I do this horrible thing to my lovers. I try to turn them into business partners. It is what ultimately ruins y relationships. I pretty much work all the time. It is hard as a freelance artist to put your work away at the end of the day. I applaud those of you who can do this. I am not one of them. Sometimes I live very hand to mouth, other times I spend the money that I have saved, working as little as possible because I am burnt out and need to spend a month watching TV. It is not an easy lifestyle.
So when I find myself in a new relationship I try to weasel my new love who have not been sex workers, into my dirty work. Just a ‘hey can I call you to let you know I’m safe’ when I get to this clients house is enough to turn against my good intention. I am soon calling for safety checks, asking my new lover if they wouldn’t mind playing with me and a client, maybe I’ll tie the client up and my lover and I will fuck on top of said client. It starts with little things like this.
Before you know it I’m asking the person who came into this thinking that we were having a relationship that centered around love and common goals and interests to be my full time business partner. I’m asking them to do things all the time, take photos, play, edit smut for me, come to a fetish party. The lines of business and pleasure are not very well drawn in this line of work.
As dominatrices we are expect to not be in this just for the money, no we must be ‘lifestyle dominas’ in order to fuel the fantasy that we keep slaves and tie our lovers up every night. And yes, sometimes there are slaves and bondage without an exchange of cash, but what does that do the relationship? It puts a lot of strain on it.

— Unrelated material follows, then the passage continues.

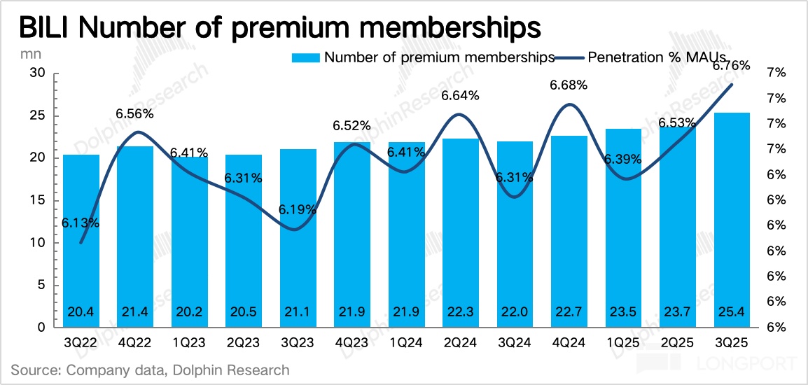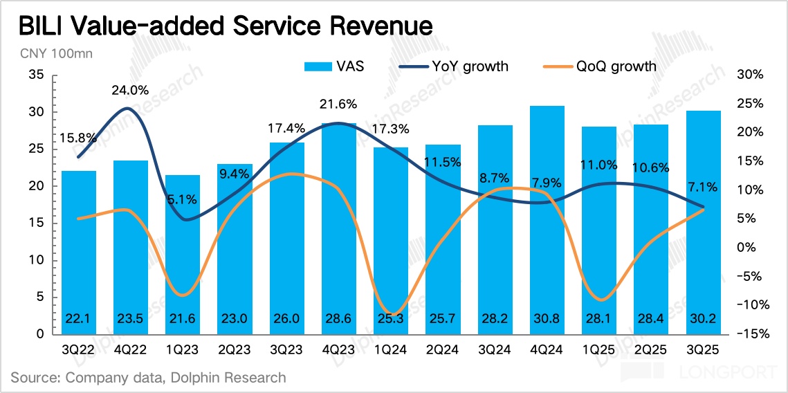 直播 + 大会员订阅为主的 VAS 增值服务收入,三季度同比增长 7%,环比增速显著放缓。

I know I am not the only one who works in this business and has met a nice person, maybe they were not out as a kinky person, but we have asked things of you in our manipulative sultry way that pretty much prevents you form saying no. It is tricky because after a time in the sex trade I’m not sure I even know how to ask for favors without it seeming a little passive aggressive, phrasing things like ‘you will do this (totally benign chore) today, right? ‘ Laundry, dishes, cleaning up the dungeon. I push people who come to me with a reasonable expectation to be wanting a personal relationship I push them out of my bed and into my business.
I wish I didn’t but I do. I wish that I had noticed this trend before I had destroyed a number or really sweet relationships with my need for a business partner.
I’m just a mediocre business person. I’m alright with that but I need to find a way to make my business not the only part of my life that I tend to. I get out of bed and I work. I have so much work I could opt out of sleep and at times have, but I can’t now. I must get rest. So I get less and less done. I’m unorganized, things go missing, I’m not sure where all that footage is that needs to be edited right now. Who is going to edit it? Me? Ha that is great, you should expect some twisted up fucking silly looking thing that involves me and a Christmas tree and some rope in a public place real soon. At the rate I work I would give it till Christmas of 2015, unless of course I cant get the data to load properly on whatever I will be using then, in which case the footage is as good as never shot. Like so much of the work I have done. I chock it up to the ‘fun’ I was having in my relationships.
Oh yes. I need business partner. Not another lover, not another slave.